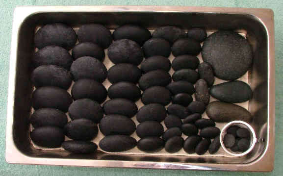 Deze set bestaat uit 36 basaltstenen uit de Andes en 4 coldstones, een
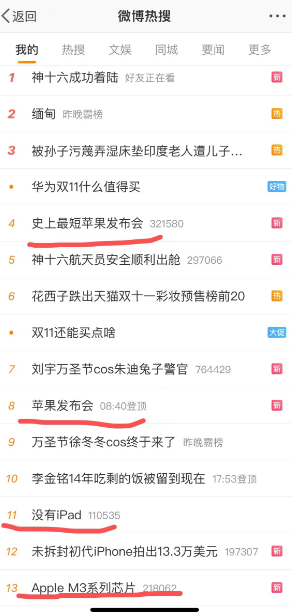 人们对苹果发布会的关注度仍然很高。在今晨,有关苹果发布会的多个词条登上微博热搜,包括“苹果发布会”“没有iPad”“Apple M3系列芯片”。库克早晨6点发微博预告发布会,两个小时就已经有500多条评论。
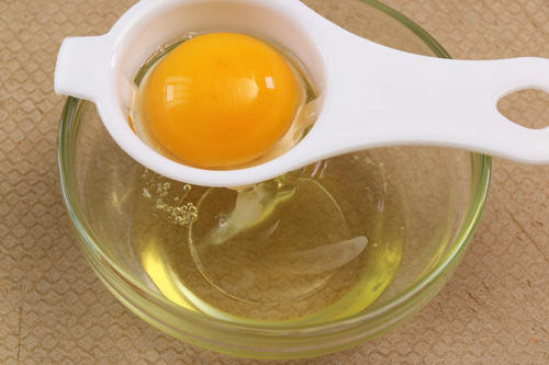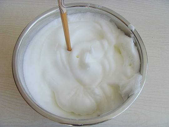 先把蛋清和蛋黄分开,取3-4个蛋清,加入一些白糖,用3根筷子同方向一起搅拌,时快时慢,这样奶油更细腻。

* * *

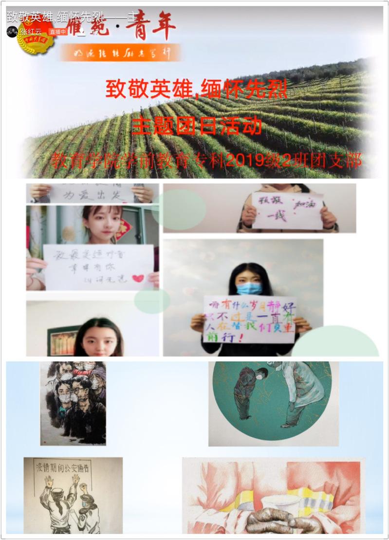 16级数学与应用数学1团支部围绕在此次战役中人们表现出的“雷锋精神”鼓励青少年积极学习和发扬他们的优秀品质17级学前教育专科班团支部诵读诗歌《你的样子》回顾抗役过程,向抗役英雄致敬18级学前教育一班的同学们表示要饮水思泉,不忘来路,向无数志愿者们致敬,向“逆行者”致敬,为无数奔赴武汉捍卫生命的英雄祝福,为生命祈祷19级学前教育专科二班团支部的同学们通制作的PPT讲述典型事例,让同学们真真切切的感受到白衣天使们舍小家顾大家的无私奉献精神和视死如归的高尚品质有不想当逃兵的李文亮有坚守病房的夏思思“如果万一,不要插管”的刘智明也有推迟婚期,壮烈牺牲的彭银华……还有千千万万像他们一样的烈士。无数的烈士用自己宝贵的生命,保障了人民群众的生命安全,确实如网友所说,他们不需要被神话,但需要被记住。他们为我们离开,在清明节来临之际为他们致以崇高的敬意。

--

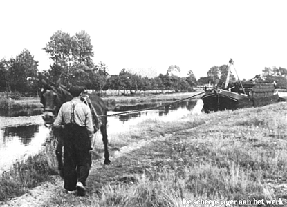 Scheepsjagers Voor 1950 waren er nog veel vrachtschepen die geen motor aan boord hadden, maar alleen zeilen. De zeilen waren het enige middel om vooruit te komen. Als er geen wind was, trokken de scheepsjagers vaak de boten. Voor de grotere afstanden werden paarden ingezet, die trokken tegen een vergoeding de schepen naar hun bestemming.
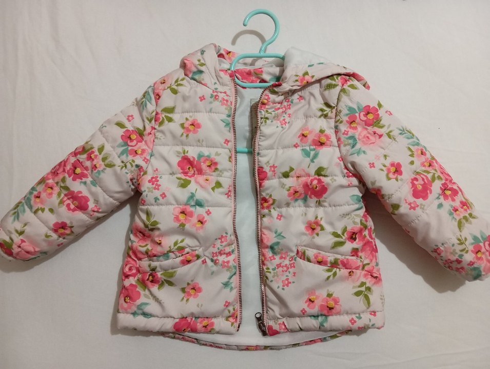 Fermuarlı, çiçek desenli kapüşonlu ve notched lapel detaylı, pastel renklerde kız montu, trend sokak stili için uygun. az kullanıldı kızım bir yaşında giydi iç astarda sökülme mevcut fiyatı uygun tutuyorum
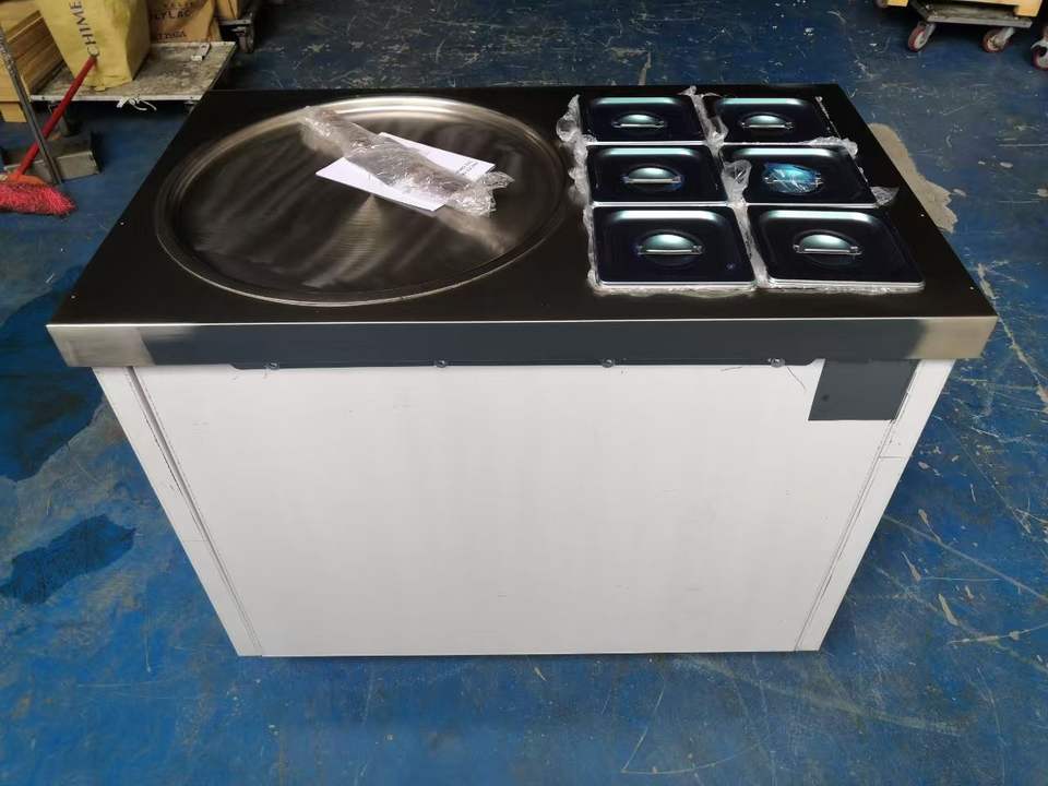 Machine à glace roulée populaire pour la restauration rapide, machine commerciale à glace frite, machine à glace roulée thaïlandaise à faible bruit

- YOUR ASSIGNMENT: In the entries above, every line from the line with "Deze set bestaat" to the line with "先把蛋清和蛋黄分开,取3-4" is to be printed exactly, with both ends included and pictures excluded.

- EXERCISE SOLUTION:
 Deze set bestaat uit 36 basaltstenen uit de Andes en 4 coldstones, een
 人们对苹果发布会的关注度仍然很高。在今晨,有关苹果发布会的多个词条登上微博热搜,包括“苹果发布会”“没有iPad”“Apple M3系列芯片”。库克早晨6点发微博预告发布会,两个小时就已经有500多条评论。
 先把蛋清和蛋黄分开,取3-4个蛋清,加入一些白糖,用3根筷子同方向一起搅拌,时快时慢,这样奶油更细腻。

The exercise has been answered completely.